Imposing data-driven with physical laws for user activity prediction could effectively solve various physical problems such as smart care, surveillance and human-robot. In the growing field of artificial intelligence, the application of activity prediction based on physical Coupled Hidden Markov Model (CHMM) and tensor theory with physical properties has attracted increasing attentions. However, existing CHMMs usually only consider the time-series characteristic of data, while ignoring physical characteristics of user activity such as periodicity, timing and correlation. Moreover, they are all matrix-based models, which could not holistically analyze the dependencies among physical states. The above disadvantages lead to lower prediction accuracy of CHMM. To remove these disadvantages, three physics-informed tensor-based CHMMs are first constructed by incorporating prior physical knowledge.
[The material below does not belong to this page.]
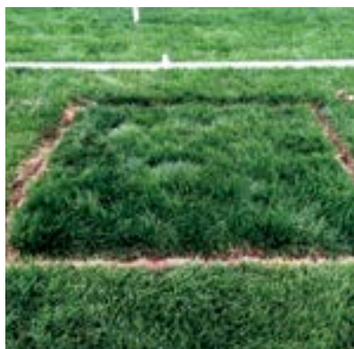
▲ RPR trial at Moonee Valley showing its dense dark appeal.

Then the corresponding forward-backward algorithms are designed for resolving the evaluation problem of CHMM. These algorithms could overall model multiple physical features by imposing physics and prior knowledge into CHMM during training to improve the precision of probabilistic computing. The algorithms reduce the dependence of the model on training data by adding physical features. Finally, the comparative experiments show that our algorithms have better performances than existing prediction methods in precision and efficiency. In addition, further selfcomparison experiments verify that our algorithms are effective and practical.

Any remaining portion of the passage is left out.